Dementia is far from the only mental health problem for over-65s, yet the millions who struggle with depression are scandalously neglected. Stuart Shepherd reports
Popular misconceptions aside, most older people do not suffer from depression or any other mental health-related problems. However, they might be forgiven for feeling a little down in the mouth if they read Improving Services and Support for Older People with Mental Health Problems, the second report from the UK inquiry into mental health and well-being in later life, published earlier this year.
Because if at a point in the not-too-distant future an older person were to need even a little short-term support for a mental health issue - be it depression, anxiety or delirium - he or she would face the prospect of services slammed as inadequate 'in range, in quantity and in quality'.
Improving Services and Support reveals that depression severe enough to warrant intervention affects one in four older people living in the community. However, only one in three discusses the condition with their GP and of these just half are diagnosed and treated. One in three informal carers of older people, says the report, are also depressed.
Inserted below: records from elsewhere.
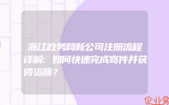 - 浙江政务网新公司注册流程详解:如何快速完成寄件并获得资质?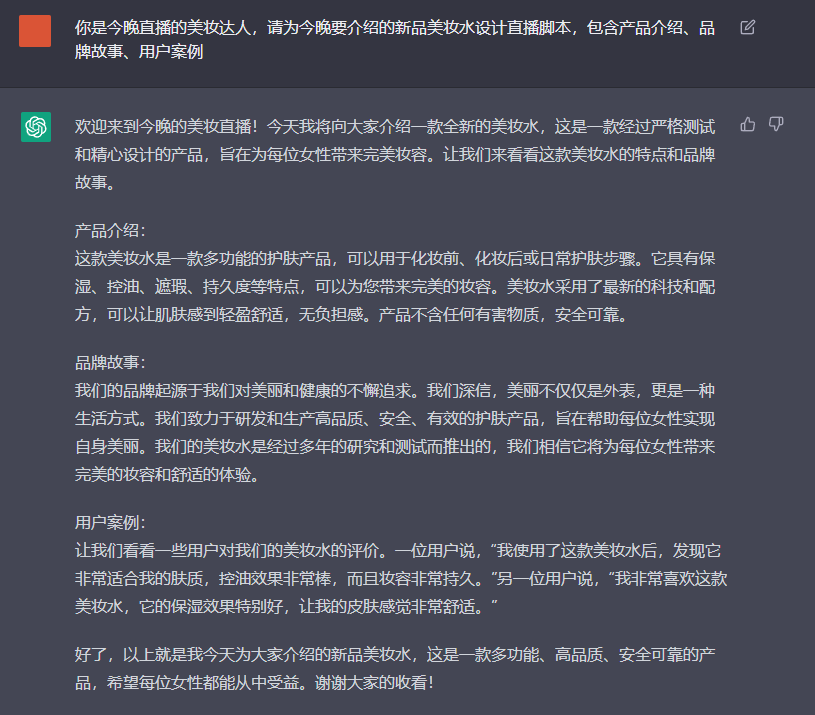 3、你是今晚直播的美妆达人,请为今晚要介绍的新品美妆水设计直播脚本,包含产品介绍、品牌故事、用户案例。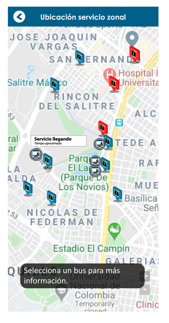 Según la ubicación del usuario, le muestra la estación o paradero zonal más cercano, a menos de 5 minutos de distancia caminando.

Meanwhile, diagnosed dementia - and only half the people who have it get a diagnosis - costs health and social care more than cancer, heart disease and stroke combined.
As its foreword points out, the report is simply adding to evidence already presented by a number of other organisations, putting its voice to the call for properly resourced care services that respect the dignity and needs of users.
The inquiry itself was launched, with the support of Age Concern, in 2003, following the publication of national service frameworks for mental health and older people and amid concerns that mental health in later life was being neglected.
Its first report, Promoting Mental Health and Well-Being in Later Life, published in 2006, made clear the neglect of both mental health and of older people in policy and resource allocation. It also confirmed that a decline in mental health is not an inevitable part of ageing and that lots can be done to prevent it.
As well as outlining the key facts and figures, this second report, Improving Services, identifies five main areas for action and makes 35 recommendations. The first is the establishment of a ministerial task force by 2008 to co-ordinate services to meet needs and promote good mental health in later life.
'The big theme from the inquiry overall is the significant mismatch between the needs of people who use the NHS and the ways the service and the education and training of the staff are organised,' says Age Concern England policy manager Philip Hurst. 'This is an issue for the whole service. Primary care sees the most older people with mental health needs; and in acute hospitals 60 per cent of older people, who occupy two-thirds of the beds, have, or acquire, a mental health need.'
With a task force in place and determining the direction of travel it is just possible that the 34 other recommendations - directed at the Department of Health; the NHS; acute trusts; commissioners; housing, regulatory and professional organisations; and voluntary groups - might get the attention called for.
'Government has broadly welcomed the report,' says Mr Hurst. 'But practical action stemming from that is not yet clear. This is an issue that needs to be tackled to meet the goal of turning the NHS into a well-being service that delivers personalised care. Given the number of older people in the system, neglecting their mental health needs will mean failure to achieve the vision for the NHS, he argues.
According to the report, the number of older people with mental health needs stands at 3 million and is set to grow by more than 30 per cent in the next 15 years. By 2051 there could be as many as 5 million older people with depression and 1.7 million with dementia.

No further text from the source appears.